Think the "free market" encourages price competition? What about people who seem oblivious to market pressure (the Microsoft monopoly anyone?) yet can somehow argue that their being a monopoly is "good for the consumers"? And MS isn't the worst of them either. The economics textbook in my High School econ class was (you guessed it) created by corporations, these textbooks argued such things like "price wars are bad for the end consumer" and that the government should allow customers to decide which companies get big or not instead of "unfairly" punishing those who obtain monopolies.

It works in theory, but it seems that we've thrown it in a burlap bag and beaten it.


When free speech is outlawed, only criminals will complain.
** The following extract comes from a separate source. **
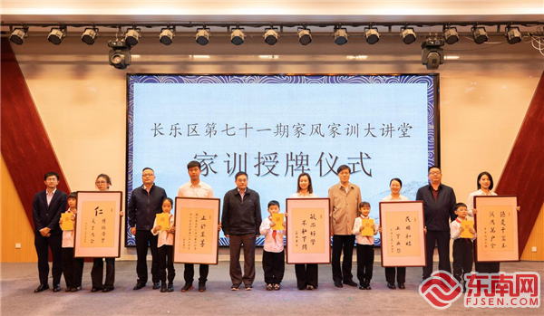 大讲堂中,现场领导、嘉宾将德诚慈善基金会颁发的家训牌匾授予本次活动的“好家风示范家庭”。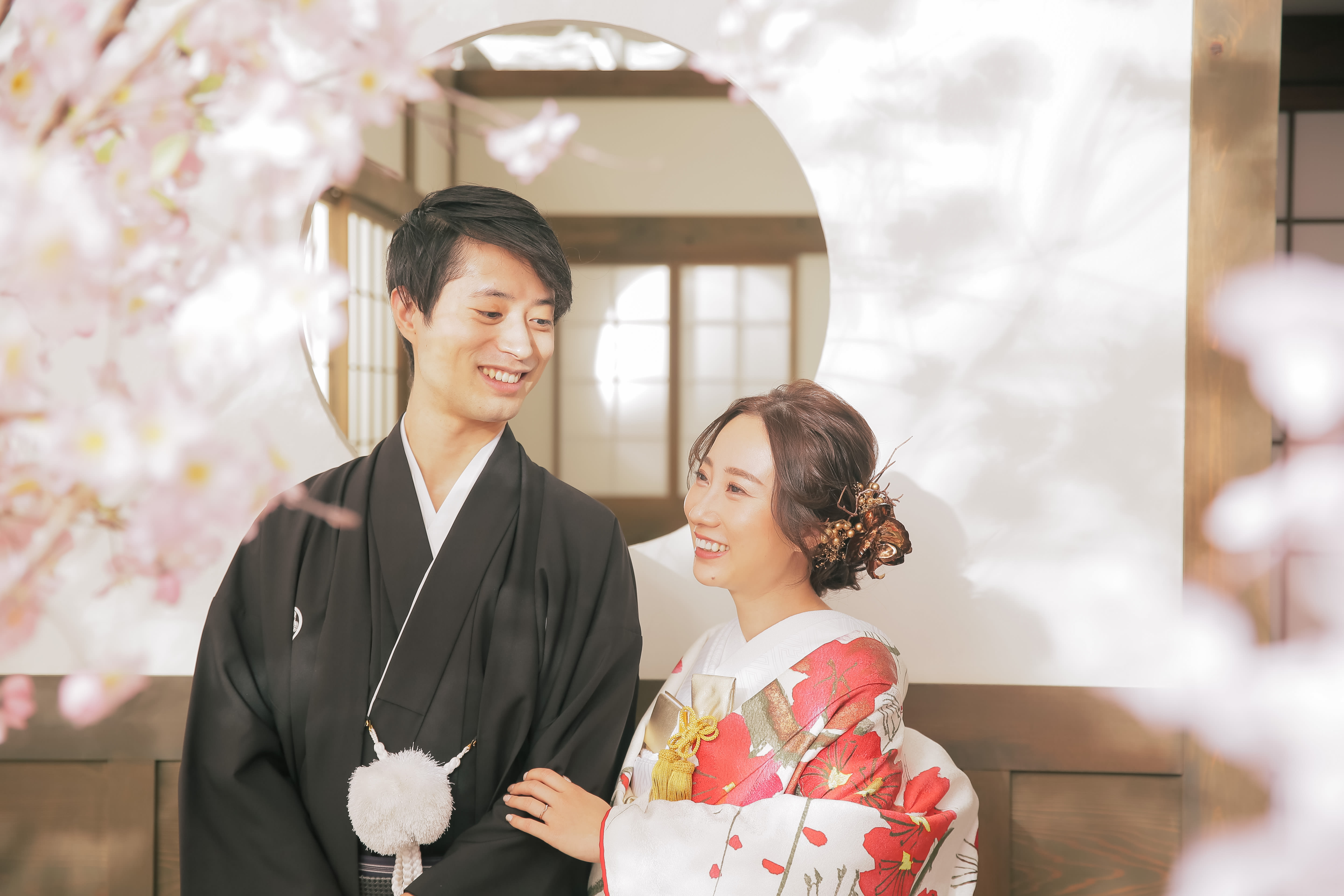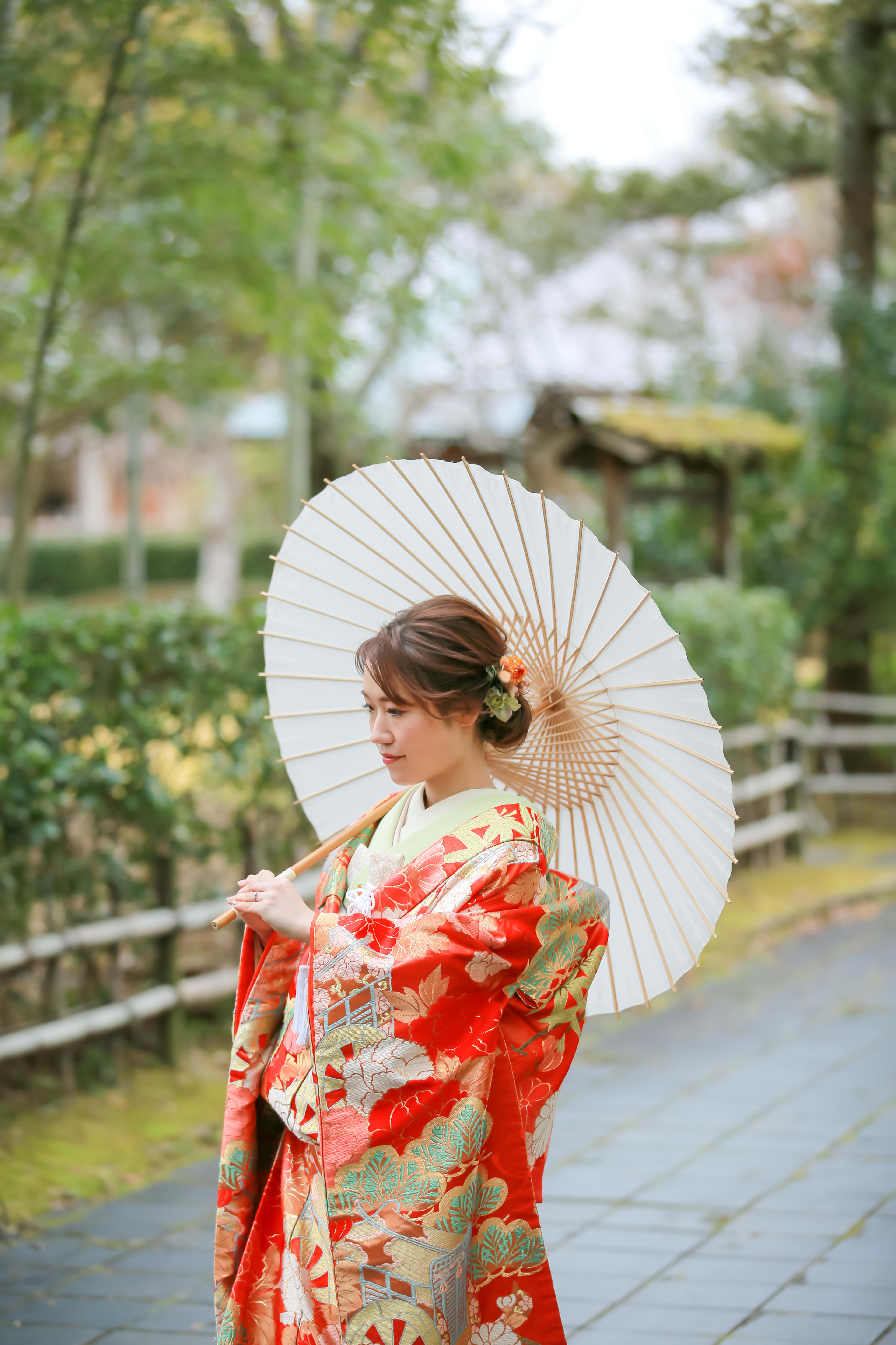 本格日本庭園を再現したスタジオで撮る 和装の結婚写真

What is rationality? (4.66 / 3) (#48)
by ghjm on Tue Apr 24, 2001 at 07:56:01 PM EST

Traditional economics assumes that "rational consumers" posess perfect information about all available alternatives that exist in a market. Given that this cannot possibly be the case, actual consumers in the real world cannot possibly be "rational" in this sense. Actual people do things from a vast, seething stew of complex motivations, desires, beliefs and perceptions that defies any detailed analysis or description.

But it can be manipulated to your advantage.

During the World Wars, the effectiveness and 'art' of propaganda was studied extensively by all sides. It turned out to be possible to get large populations to believe in things, or at least act as if they did, through a reasonably cost-effective application of carefully calculated stimuli. This forms the basis for modern advertising. Consumers have been so heavily indoctrinated by advertising so effectively constructed that they no act in ways directly contrary to their own best interests, as those interests would otherwise have been defined.

The kuro5hin demographic generally seems to believe itself to be above the effects of advertising. We're so media-saturated and our critical skills are so good that advertising has no effect on us, or so we assume. I'm not so sure. If a propaganda machine is doing its job successfully, people believe the doctrine as if it were their own idea. If the older generation complains about advertising and the younger generation doesn't, perhaps the usual assumptions can be reversed: Since we (the youngsters) were born into a world of propaganda, we have bought into it so thoroughly that we don't even question its validity; the lack of cognitive dissonance, instead of indicating an immunity to advertising, might instead indicate a total passive acceptance of it.

It's certainly clear that in other areas, notably social and political dialog, people are not behaving rationally. Both left- and right-wing opinions are framed by their disciples in remarkably uniform sets of apparently faith-based beliefs. Where does this faith come from? If people were really forming their own opinions, wouldn't there be a broader spectrum of beliefs with much greater variation between individuals? Instead, we see clustering into half a dozen readily identifiable platforms, with little internal variation between proponents. Surely this remarkable conformity implies strong external control over what opinions people hold?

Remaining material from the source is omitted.